If ever there was an illustration that the United States of America and the united states of Europe are separated by more than water, it is General Electric's efforts on both sides of the Atlantic to gain approval for its merger with Honeywell.

Late last week, after pessimistic statements from the chairmen of GE and Honeywell and the European Competition Commissioner, it looked likely the $42 billion merger would be abandoned. Submitting a final offer which he considered unlikely to be accepted, GE chairman Jack Welch complained that the European Commission's "extraordinary" demands went "far beyond" what the company could accept.

Europe's hard line contrasts with the easy ride through anti-trust approval that the merger enjoyed in the USA. US Department of Justice (DoJ) approval required GE only to divest Honeywell's helicopter engine business and give some engine maintenance work to a rival. If the decision is any guide to competition policy in the USA then it would appear to have lurched to the right under the Bush Administration.

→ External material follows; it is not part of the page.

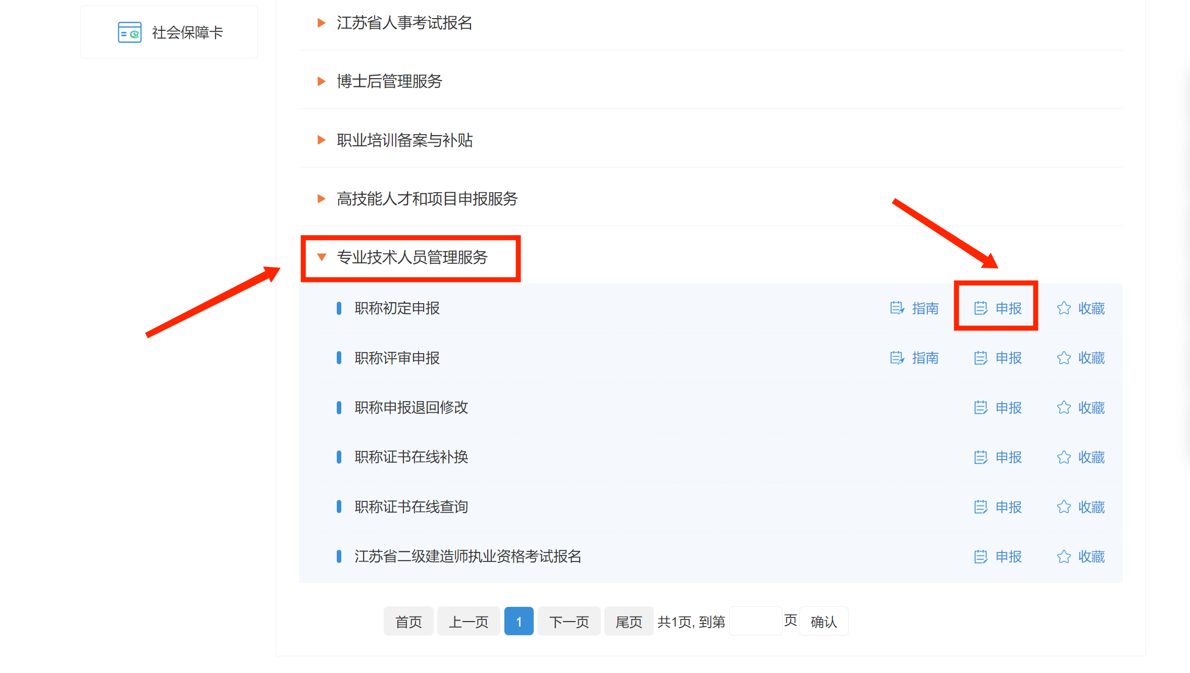 2. 找到“专业技术人员管理服务”点开,点击“职称初定申报”所在行后面的“申报”

The EC has been pushing GE to divest large parts of Honeywell's avionics business and either spin off leasing arm GE Capital Aviation Services (GECAS) or modify its competitive behaviour. Reports put the value of the divestitures sought by the EC at $6 billion, or a quarter of Honeywell's annual sales.

GE's final proposal included $2.2 billion in divestitures and an offer to set up GECAS so that it could only deal with Honeywell "at arms length". But GE, as expected, refused to give up ownership and control of GECAS.

The USA and EC have previously co-operated closely on merger policy and avoided damaging splits. It is to be hoped the GE/Honeywell merger has not highlighted a fissure in anti-trust thinking in the USA and Europe which would have major implications for companies contemplating domestic and transnational mergers.

The DoJ's anti-trust review process is concerned mainly with the impact of a merger on domestic US customers. The process can be very market-specific. The Department of Defense was concerned about competition on future helicopter engines, and GE's business was the biggest of the two, so Honeywell's had to go.

The EC's concerns are much broader, and deeper. For Europe, issues like the regional jet engine are an aside. The only way GE was likely to make the $6 billion cuts demanded by the EC was to do something radical with GECAS. At the heart of this debate is concern about the policy of the world's largest owner of civil aircraft only buying aircraft fitted with GE engines. Extend this to Honeywell and it is clear:

Europe's concern over the issue of bundling avionics, services and engines in a package backed by huge financial clout requires an answer from GE that is not addressed by the US giant's offer on GECAS.

While the USA rails at the EC, it is worth remembering the bundling issue is not dissimilar to the vertical integration argument put forward by the DoD when it rejected Lockheed Martin's merger with Northrop Grumman in the 1990s. The DoJ did not see this aspect of a combined GE/Honeywell as anti-competitive - despite the fact the merger would give GE more products to finance and service - because the USA views such market prowess as a benefit to customers, providing lower prices and better service.

But if the EC's concerns are based on the belief that GECAS already harms competition by only buying and leasing aircraft fitted with GE engines, or that GE's financial muscle already enables it to strike exclusive engine supply deals with Boeing, then the anti-trust process is currently the proper venue to address these issues.

Rather like the effect the Lockheed Martin/Northrop Grumman decision had on US defence industry mergers, maybe the EC has drawn a line in the sand on competition beyond which the global aerospace players cannot, for the time being, go. But, surely the proper way to ensure GE and GECAS are not anti-competitive is for EC and US regulators to renew their co-operation and agree common guidelines to regulating mergers in this industry which is clear and unambiguous to all parties.